Question

When \[{x^{1999}} \div {x^2} - 1\] , Find remainder?

Answer 1

Hint: In order to solve the question given above, we have first multiplied the divisor by the dividend. After doing this, we get a simple result with the help of which we can simplify our answer and find the remainder easily. We can use one more method to solve the above question, where we make use of \[{p_n}\left( x \right) = {x^n} + {c_{n - 1}}{x^{n - 1}} + ..... + {c_0}\] .
Formula used:
We can solve the above question using two simple methods. In the second method we will use the formula \[{p_n}\left( x \right) = {x^n} + {c_{n - 1}}{x^{n - 1}} + ..... + {c_0}\] .

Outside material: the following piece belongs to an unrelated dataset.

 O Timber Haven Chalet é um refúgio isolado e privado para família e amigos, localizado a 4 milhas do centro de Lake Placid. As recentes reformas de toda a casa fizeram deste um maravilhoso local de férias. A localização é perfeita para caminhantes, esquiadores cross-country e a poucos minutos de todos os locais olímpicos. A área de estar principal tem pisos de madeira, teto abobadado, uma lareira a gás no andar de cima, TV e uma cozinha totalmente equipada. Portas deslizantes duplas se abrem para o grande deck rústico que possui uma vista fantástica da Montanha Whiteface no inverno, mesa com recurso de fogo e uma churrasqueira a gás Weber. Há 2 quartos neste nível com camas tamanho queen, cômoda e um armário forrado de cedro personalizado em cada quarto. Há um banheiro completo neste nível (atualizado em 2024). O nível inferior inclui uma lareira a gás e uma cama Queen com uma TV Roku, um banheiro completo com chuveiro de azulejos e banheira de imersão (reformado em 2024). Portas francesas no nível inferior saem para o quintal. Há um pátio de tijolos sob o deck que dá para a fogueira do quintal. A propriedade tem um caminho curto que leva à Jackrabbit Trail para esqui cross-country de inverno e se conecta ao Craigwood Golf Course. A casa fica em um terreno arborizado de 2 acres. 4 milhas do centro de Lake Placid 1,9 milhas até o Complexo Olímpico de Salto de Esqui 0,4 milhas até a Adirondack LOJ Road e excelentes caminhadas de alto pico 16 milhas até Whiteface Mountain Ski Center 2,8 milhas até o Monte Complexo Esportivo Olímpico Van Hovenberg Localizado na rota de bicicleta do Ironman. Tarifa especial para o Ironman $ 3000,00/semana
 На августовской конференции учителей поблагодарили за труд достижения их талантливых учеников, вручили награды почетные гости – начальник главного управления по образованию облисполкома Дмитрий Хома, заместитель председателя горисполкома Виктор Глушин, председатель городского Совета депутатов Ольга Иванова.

Complete step by step solution:
We have to find the remainder of \[{x^{1999}} \div {x^2} - 1\] .
We know that,
 \[
  {x^{1999}} \div {x^2} - 1 \\
  \left( {{x^2} - 1} \right)\left( {{x^{1997}} + {x^{1995}} + {x^{1993}} + ........ + {x^3} + x} \right) \\
   \Rightarrow {x^2}\left( {{x^{1997}} + {x^{1995}} + {x^{1993}} + .... + {x^3} + x} \right) - \left( {{x^{1997}} + {x^{1995}} + {x^{1993}} + ... + {x^3} + x} \right) \;
 \] .
Now, open the brackets and subtract the necessary terms, we get,
 \[{x^{1999}} - x\] .
So,
 \[{x^{1999}} = \left( {{x^2} - 1} \right)\left( {{x^{1997}} + {x^{1995}} + {x^{1993}} + ........ + {x^3} + x} \right) + x\] .
This can be written as:
 \[\dfrac{{{x^{1999}}}}{{\left( {{x^2} - 1} \right)}} = {x^{1997}} + {x^{1995}} + {x^{1993}} + ........ + {x^3} + x\] , with the remainder \[x\] .
So, the correct answer is “x ”.

Note: This question can be solved in yet another way.
We know that,
 \[{p_n}\left( x \right) = {x^n} + {c_{n - 1}}{x^{n - 1}} + ..... + {c_0}\]
Now,
 \[{x^n} = {p_{n - 2}}\left( {{x^2} - 1} \right) + ax + b\] where \[n \geqslant 2\] .
So, from this, we have:
 \[{\left( { - 1} \right)^n} = a\left( { - 1} \right) + b\]
 \[ \Rightarrow 1 = a + b\] .
On solving this, we have:
 \[a = \dfrac{{1 - {{\left( { - 1} \right)}^n}}}{2}\] ,
And \[b = \dfrac{{1 + {{\left( { - 1} \right)}^n}}}{2}\] .
Now, in the above question we have \[n = 1999\] , so we have:
 \[a = 1\] , \[b = 0\] and the remainder is \[x\] .